The group was becoming a social context in which the desired behaviors — adequate self-care, deliberate transition, emotional regulation between sessions — were normative. This was not incidental to the habits' formation. The social norm was a persistent cue.

The chapter describes this: habits are social phenomena. The social context in which a behavior is normative provides a continuous cue without requiring individual effort to sustain.

Amara wrote in her journal: We are each other's cue structures.


Discussion Questions

  1. Amara recognized she was in "contemplation-leaning-preparation" on several self-care behaviors. She identified her problem as "ability," not motivation. How did this diagnosis change the design of her intervention?

  2. The tiny habit version (one minute of breathing vs. thirty minutes of yoga) was more executable but also more genuinely useful. What does this suggest about the relationship between habit size and habit value?

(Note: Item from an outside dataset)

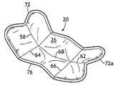 제2 단부 섹션(72a)의 적어도 일부는 용품의 후방 시트측을 따라 대체로 볼록한 제2 단부 절첩 구역(66)을 따라 절첩되거나 또는 상기 제2 단부 절첩 구역을  포함하도록 구성될 수 있다.  또한, 제2 단부 절첩 구역(66)은 용품(20)의 상부 시트측을 따라 대체로 오목할 수 있다.  예컨대, 소정 구성의 제2 단부 절첩 구역(66)을 제공하기 위해, 제2 단부 섹션(72a)은 용품의 횡방향(24)을 따라 연장하는 제2 횡단방향 절첩 라인(86)을 따라 절첩될 수 있다.At least a portion of the
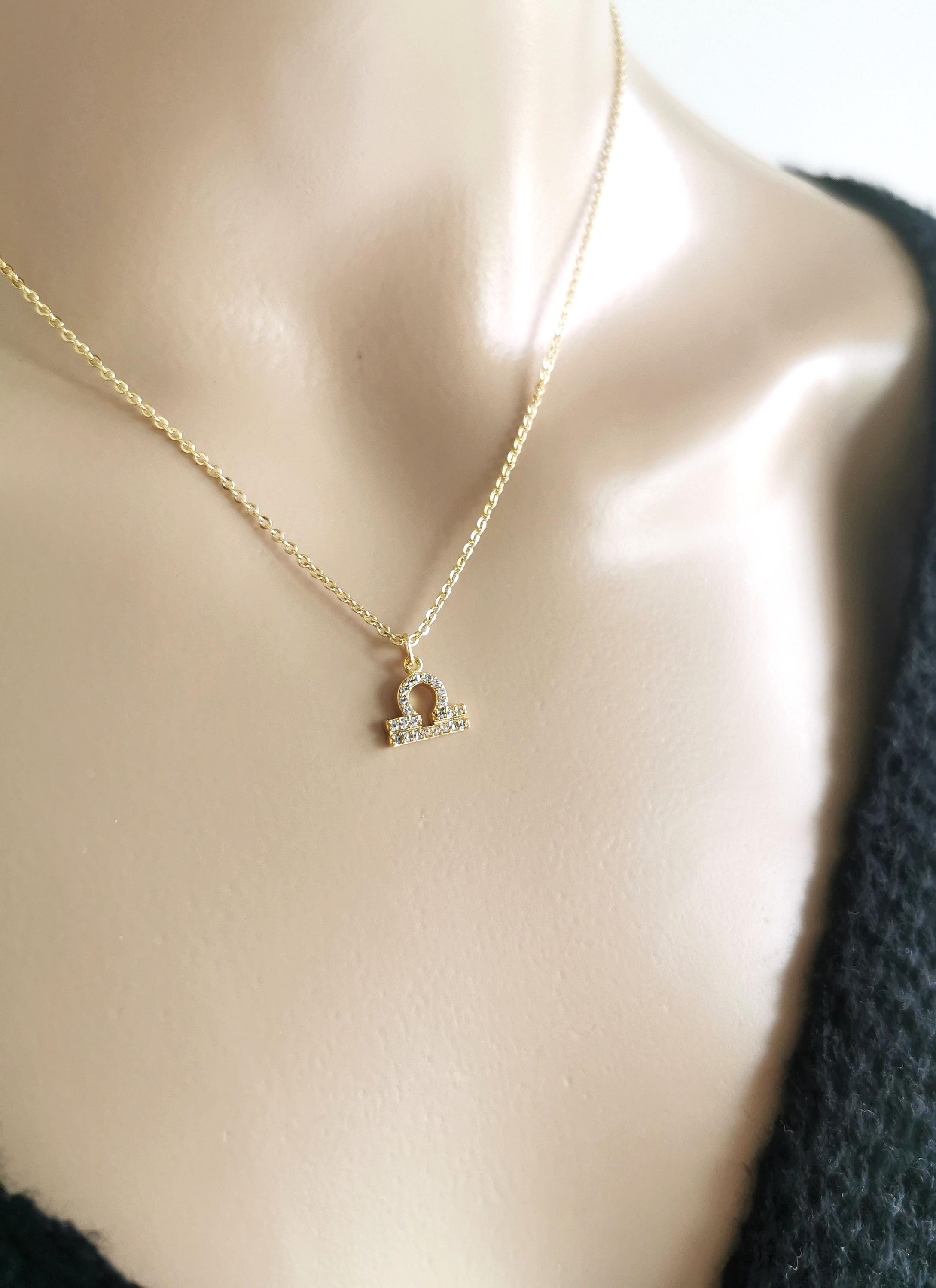 Libra gold necklace, zodiac for September and October months.

  3. Amara's crisis version (three breaths when running late) is a designed variant for high-demand conditions. What does this suggest about habit design for professionals in demanding fields — the importance of having tiered versions of essential practices?

  4. The downstream effects of the breathing practice (better sleep, improved clinical presence, fuller friendship presence) extended well beyond the intended target. Which of these was the most clinically significant? How does this connect to the "keystone habit" concept?

  5. The peer processing group became a social context in which transition practices were normative. Amara described the group as "each other's cue structures." What does this phrase mean, and what does it suggest about designing for behavior change in communities rather than individuals?